The report is likely to deepen tensions between the F.D.A. and the
Department of Agriculture, which have long been rivals in overseeing food
safety. An Agriculture Department campaign begun in 2006 to reduce
salmonella contamination of meat and poultry has been successful, the report
noted. But Dr. Robert Tauxe, deputy director of the C.D.C.’s division of
foodborne diseases, suggested that whatever progress the department had made
in improving overall food safety might have been lost by the F.D.A.
“Produce is a more important contributor to the overall problem than it used
to be,” said Dr. Tauxe, referring to spinach and other foods regulated by
the Food and Drug Administration.
The disease control centers’ report said that in 2008, 16 of every 100,000
people in the United States had laboratory-confirmed cases of salmonella
infections. That translates into about 48,000 serious illnesses, since
individual stool samples are generally sent to laboratories only when
someone is suffering a severe bout. In 2005, the figure was 14 people per
100,000, or about 42,000 cases of laboratory-confirmed salmonella infections

The apparent increase in salmonella is not statistically significant and
could be a statistical fluke, according to the disease control centers.
Indeed, across a range of a variety of foodborne illnesses, there has been
no statistically significant change over the past three years in the share
of the nation’s population that has been severely sickened by food.
Roughly 76 million people in the United States suffer foodborne illnesses
each year, 300,000 are hospitalized, and 5,000 die, according to C.D.C.
estimates.
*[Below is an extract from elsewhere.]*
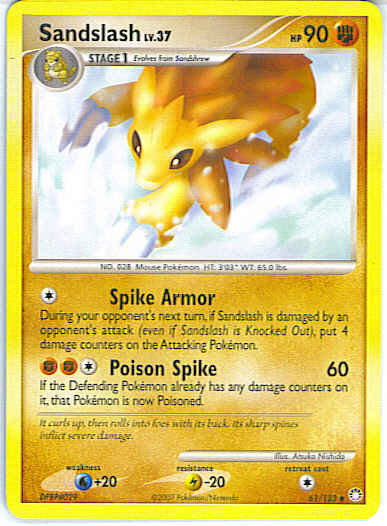 [C] Spike Armor - During your opponent's next turn, if Sandslash is damaged by an opponent's attack (even if Sandslash is Knocked Out), put 4 damage counters on the Attacking Pokemon.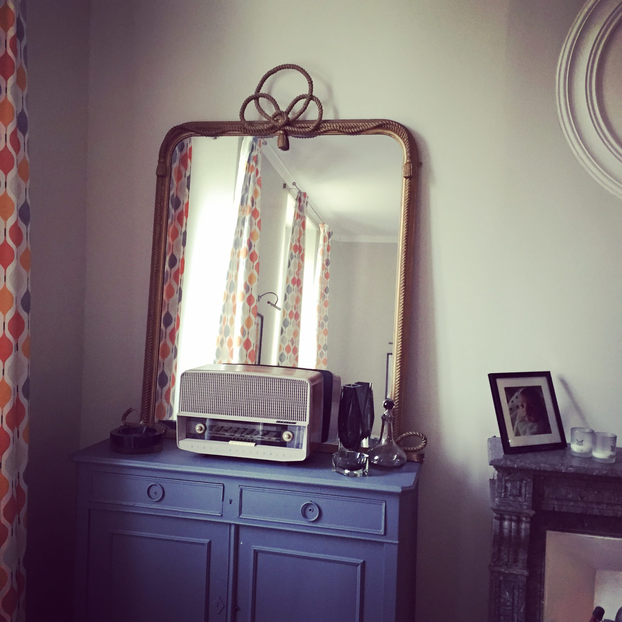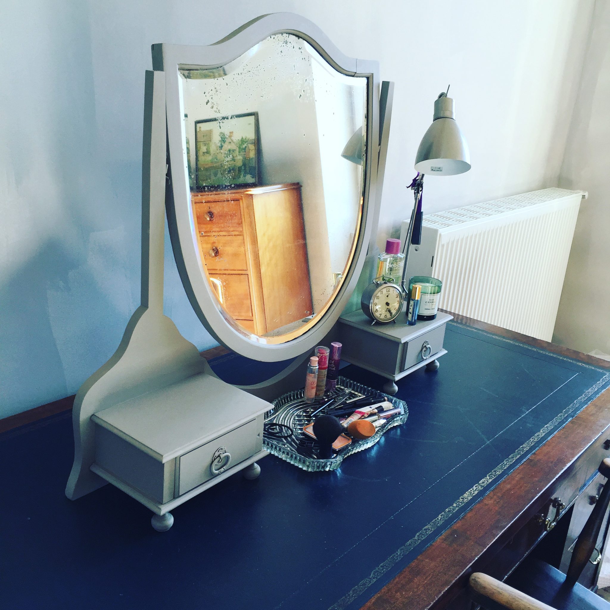 I painted the hideous yellow bathroom cabinets in their amazing putty coloured ‘Algonquin’ for a quick fix till we renovate the bathrooms, and this bargain 10€ mirror for my dressing table:

Children younger than 4 are sickened by food more than those in
any other age group, but adults over age 50 suffer more hospitalizations and
death as a result of food-related infections.
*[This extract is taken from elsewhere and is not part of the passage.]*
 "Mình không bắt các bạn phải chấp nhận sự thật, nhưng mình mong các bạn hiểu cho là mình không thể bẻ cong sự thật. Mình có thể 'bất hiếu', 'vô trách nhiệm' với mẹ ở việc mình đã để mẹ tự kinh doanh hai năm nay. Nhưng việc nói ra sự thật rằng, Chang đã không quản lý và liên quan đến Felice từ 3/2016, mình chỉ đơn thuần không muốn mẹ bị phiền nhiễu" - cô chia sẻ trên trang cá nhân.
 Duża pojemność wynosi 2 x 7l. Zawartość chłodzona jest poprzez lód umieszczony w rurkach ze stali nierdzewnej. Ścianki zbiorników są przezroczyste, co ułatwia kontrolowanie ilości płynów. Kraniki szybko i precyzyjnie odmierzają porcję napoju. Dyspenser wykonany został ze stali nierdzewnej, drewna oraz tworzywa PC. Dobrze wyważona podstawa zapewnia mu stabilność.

Because food-related illnesses are so common, measuring whether food is
getting safer or more dangerous is critical to public health. But it is also
a daunting challenge.
The disease control agency uses three very different methods to routinely
track sickness caused by food. Of these, FoodNet — the one whose most recent
data were made public Thursday — is the most reliable, because government
epidemiologists routinely survey more than 650 clinical laboratories that
serve about 46 million people in 10 states. Such active surveillance tends
to be more accurate than other tools that rely on voluntary, and generally
spotty, reporting by doctors and hospitals.
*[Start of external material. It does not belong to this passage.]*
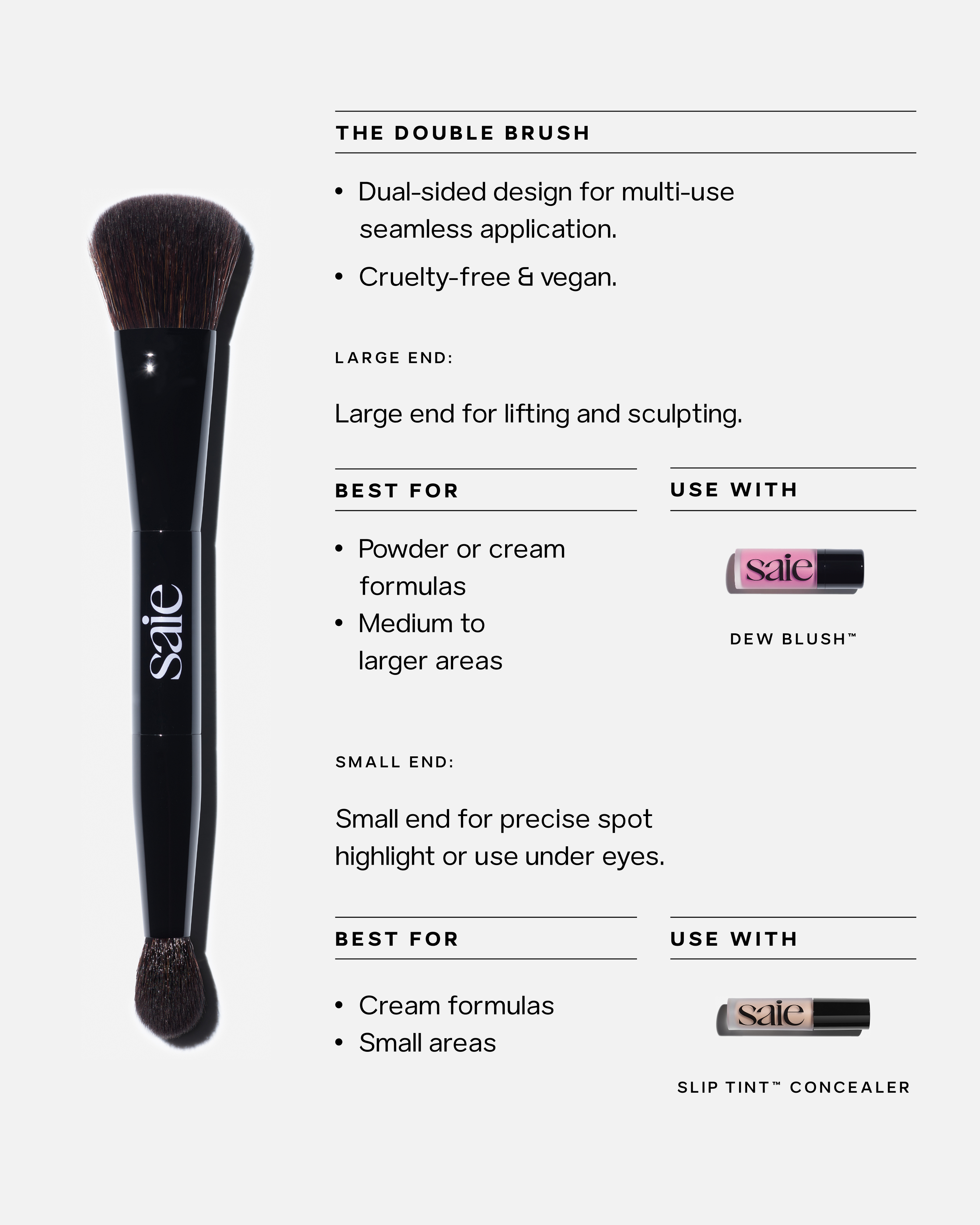 Pro Tips: Keep the small end of the brush clean and toggle between sides while blending to build coverage gradually without applying too much product at once.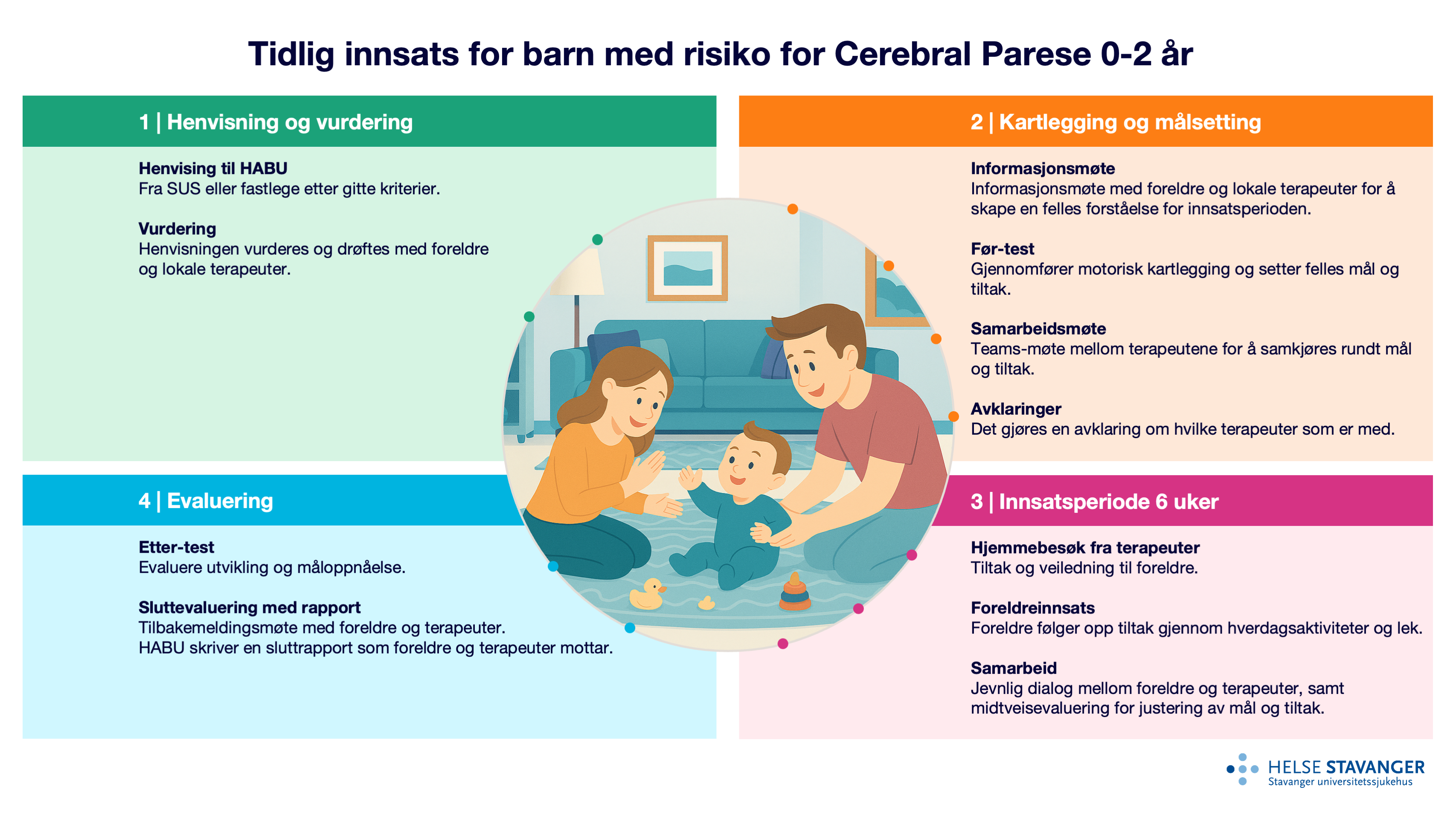Vi har nå utviklet en intervensjonsmodell som skal testes ut i samarbeid med de kommunale fysio – og ergoterapitjenestene i Sør-Rogaland. Det planlegges for fem piloter i løpet av 2026. Det vil bli samlet inn erfaringer fra foreldre og terapeuter etter hver pilot. Samtidig vil man arbeide videre med prosedyre og forankring både i kommuner og ved HABU Stavanger. Målet er at tilbudet skal iverksettes i drift. På lengre sikt kan det være aktuelt å spre tilbudet nasjonalt til andre kommuner og habiliteringssteder.

Even so, FoodNet captures only a tiny slice of all those sickened by food.
For a case to be included in FoodNet, someone must become sick enough to see
a doctor, the doctor must be concerned or well trained enough to ask for and
get a stool sample, and the laboratory to which the doctor sends the sample
must be part of the government’s system.
Since 1996, when the system began, the burden of illness from campylobacter,
listeria, shigella, E. coli 0157 and Yersinia has decreased, although all of
that decrease occurred before 2004. There has been no statistically
significant change in the incidence of salmonella and cryptosporidium since
1996, and there has been a marked increase in cases of vibrio, a relatively
rare disease mostly associated with raw oysters.
There are unexplained variations in infection rates among the 10 states in
the FoodNet system. The incidence of campylobacter, for instance, is highest
in California, while salmonella infections are highest in New Mexico and
Georgia. Geographic differences in diet may be the cause, officials said.
Dr. Tim Jones, the state epidemiologist in Tennessee, said many of the easy
improvements in the nation’s food-safety system had already been made.
“You can only tell people so much to wash their cutting boards and wash
their hands,” Dr. Jones said. “I think we’re running out of things to do to
make dramatic improvements.”
Even as the government issued its report, the Texas Department of State
Health Services announced Thursday that it had assessed a $14.6 million fine
against a Texas plant owned by the Peanut Corporation of America, the
company involved in a national salmonella outbreak that sickened nearly 700
people. The fine resulted from violations that included unsanitary
conditions and product contamination. The plant was closed in February.